We keep hearing from the drug warriors that the war is going great, with disasters like Colombia, Mexico, and Afghanistan held up as examples of success. Isn’t there some kind of psychiatric term for a complete disconnect from reality?
Danny K has an excellent post over at Transform: Afghan Opium and the Emperor‰s New Clothes about a presentation he attended featuring Antonio Maria Costa Executive Director UNODC and Bill Rammell, Minister of State Foreign and Commonwealth Office (UK).
Their headline was the 20% reduction in opium cultivation which they welcomed (albeit cautiously) as evidence of new found success of their respective interventions in the region. Opium production, by the way is only down 6% (as yields per acre cultivated have risen).

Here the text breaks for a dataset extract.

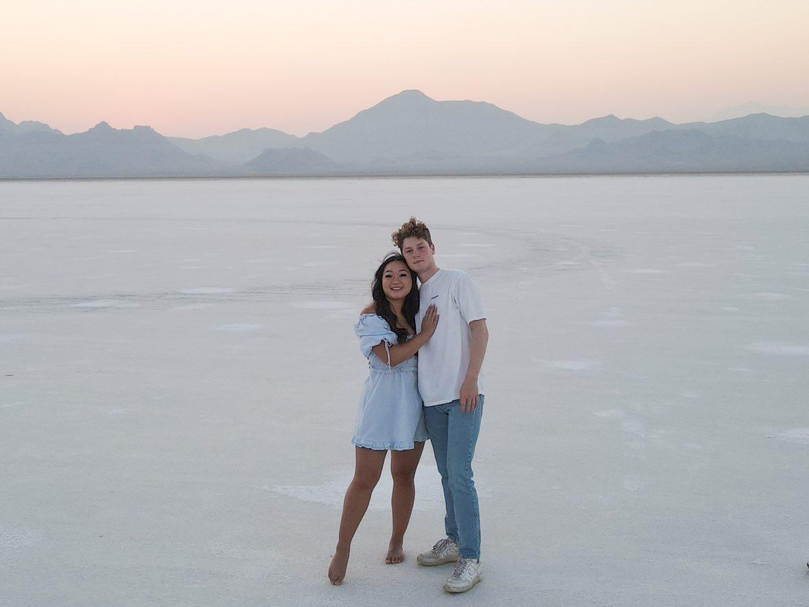 Senior Sabrina Kuo and her boyfriend Dylan Coleman pose in the Bonneville Salt Flats in Utah during their limited time together in July 2021. Kuo said that long distance is definitely worth it. Photo courtesy of Sabrina Kuo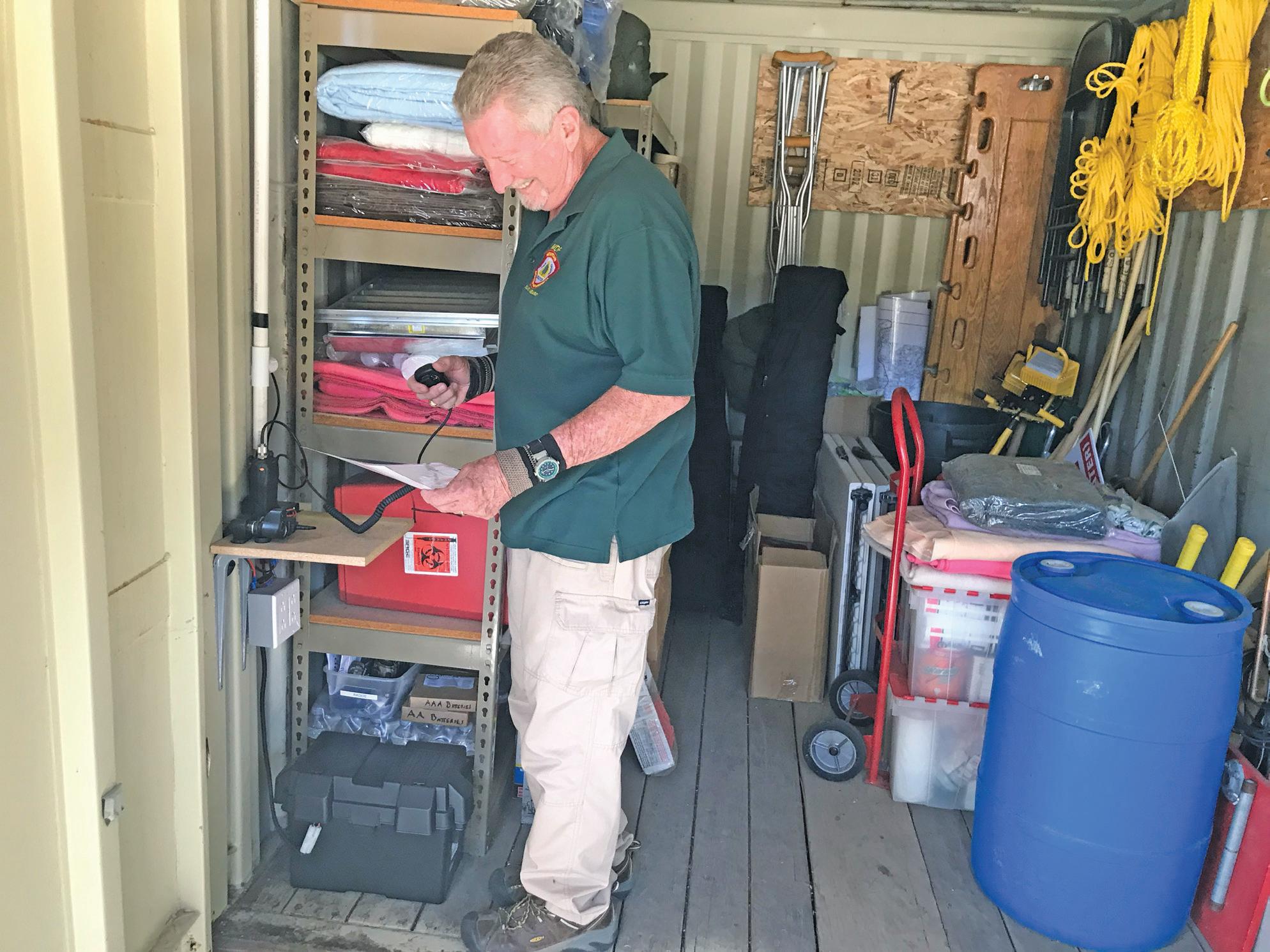 Hewitt opened one of MDP’s Disaster Aid Stations to show the contents: emergency supplies including first aid materials, radios, search and rescue equipment and lighting and power units. The Pine Cove station is the first to use a solar power system with deep cycle

The statistical annex on world drug prices and purity from the World Drug Report 2008, shows precisely how badly they are really doing – even by their own standards. It is now eight years after the Allied troops overthrew the Taleban and effectively took control of the country with one of the key aims being the eradication of the opium crop, and things really aren’t going well given the billions thrown at the sprawling military-led anti-opium enterprise since 2001.
That’s right, in our success, we’ve managed to increase opium production to more than twice the pre-2001 levels. We’ve done so well that the opium supply in Afghanistan is now significantly higher than world-wide demand, and large quantities are being stockpiled to keep the price from dropping.
Danny and Steve at Transform tried to pin Rammell and Costa down in the questioning, but the drug war cheerleaders failed to actually answer the questions (of course).
The whole post is really worth reading, but I want to highlight another passage from Danny that resonates (It continually bothers me how little attention is paid to basic economic laws).
Prohibition is what makes an intrinsically low value commodity like opium more profitable than any other agricultural option for Afghanistan’s mostly impoverished farmers. It is economic alchemy, whereby plants are transmuted into commodities worth literally more than their weight in gold. Even if supply side interdiction was more effective (and you try and eradicate 1500+ square kilometers of poppy fields scattered over an area the size of Western Europe, every year, forever) the effect would be be to push up the price, that in turn inevitably incentivises new entrants to the market, and new cultivation. It is an economist’s dream; the completely unregulated interplay of supply and demand, and whilst the demand driven economic imperative exists (and there’s no sign of significant change on that front) the best that can be achieved is temporary, marginal and localised supply side ‘success’. The problem may move around a bit – but it doesn’t go away.